On Tuesday, November 13, 2018, the Supreme Court granted leave to proceed on the matter of several Fundamental Rights applications contesting the gazette notification issued by the President to dissolve parliament. What this means, in plain language, is that the court has determined that there is a legal matter that requires examination, nothing more, nothing less.

The politicians who went to court cheered what they called was ‘a triumph for democracy’.  Now, had the court determined otherwise, would they have lamented ‘a defeat for democracy,’ one must ask. Anyway, such triumphalism is par for the course. So too, the cheers of the faithful. 

What’s amusing is the angst and subsequent relief of those who claim to be apolitical or at least non-partisan. They include, but are not limited to spokespersons of certain Western diplomatic missions, self-labeled ‘civil society activists,’ certain academics and other professionals. They also include those outside of these circles, for examples, ‘ordinary citizens’ who hold candlelight vigils and posters claiming (perhaps to alleviate embarrassment) ‘this is not about Ranil’.  

Let’s nutshell it. We didn’t hear no whimpers about democracy, darlings, when Maithripala Sirisena appointed Ranil Wickremesinghe as Prime Minister on January 9, 2015 even though the man had less 25% support in Parliament. No whimpers when in April 2015, the Yahapalanists tabled a constitutional amendment drafted by a rank incompetent, Jayampathy Wickramaratne, that had more holes than swiss cheese. The UNP either didn’t see the holes or believed that the hole-guard, Maithripala Sirisena would a) not allow the opposition (the Rajapaksas, as they put it) to creep through it and indeed wouldn’t himself take a crawl. That the Mahinda-Faction of the SLFP voted for it is another matter here.

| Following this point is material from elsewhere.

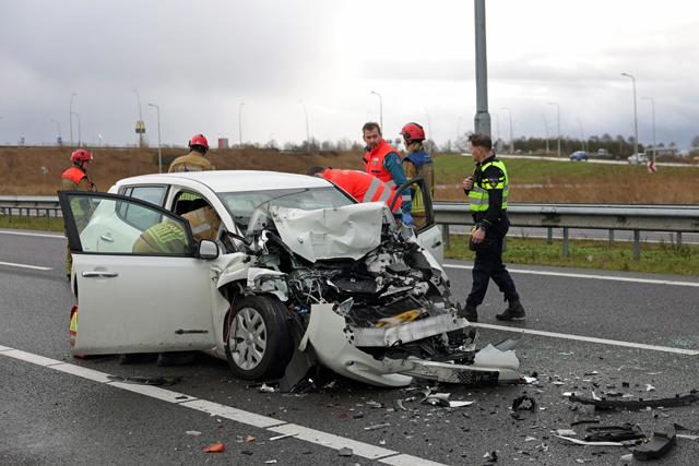 Het incident ontstond toen twee vrachtwagens tegen elkaar botsten. Een automobilist die het ongeval te laat opmerkte, kon een aanrijding niet meer voorkomen en klapte achterop de tweede vrachtwagen. De impact was zo groot dat de bestuurder van de personenauto bekneld raakte in het voertuig. De brandweer kwam met spoed ter plaatse en heeft de auto opengeknipt om het slachtoffer te bevrijden. De gewonde is vervolgens met onbekend letsel overgedragen aan het ambulancepersoneel.

The point is, there were no concerns raised then.

No whimpers when the President and Prime Minister worked to dissolve Parliament the very day the COPE report on the bond scam was to be made public. No whimpers when the democracy-champions used their respective national lists to accommodate persons rejected at the polls by the people. No whimpers when Sarath Fonseka was made an MP and given a ministerial portfolio.  

No whimpers, either in January 2015 or in August the same year when MPs crossed over to the government. But today, ladies and gentlemen, there’s  horror at the possible subversion of democracy. There are whimpers today. And therefore there are hurrahs at what is not an unexpected court ruling considering the fact that the architects of the 19th Amendment were incompetent and slothful. 

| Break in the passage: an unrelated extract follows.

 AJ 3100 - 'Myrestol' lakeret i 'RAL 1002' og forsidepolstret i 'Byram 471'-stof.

To elaborate, the Supreme Court pointed out points in Wickramaratne’s draft that were in violation of the constitution. The dissolution clause, court determined, required a two-thirds majority plus a referendum. Wickremeratne amended it, inserting a clause which allowed an interpretation permitting the President to dissolve at will, clearly at odds with the four and a half year moratorium on dissolution in a different clause. 

Back to whimpers. No whimpers when the Yahapalana Government kept postponing local government elections. No whimpers that the terms of six provincial councils have expired and there are no signs of elections being held.  

Not about Ranil? No, it is about Ranil for it’s Ranil that is the UNP and it is Ranil who was caught by the short-hairs by the President. If one were to be generous, one could say, ‘alright, it’s not about Ranil but it is certainly about the UNP and its political fortunes.’

The constitutional crisis should be talked of as a problem of careless wording. It is also about the machinations of politicians belonging to all parties, not just the UNP. However, the root of the crisis is about true representation. In other words the issue of legitimacy.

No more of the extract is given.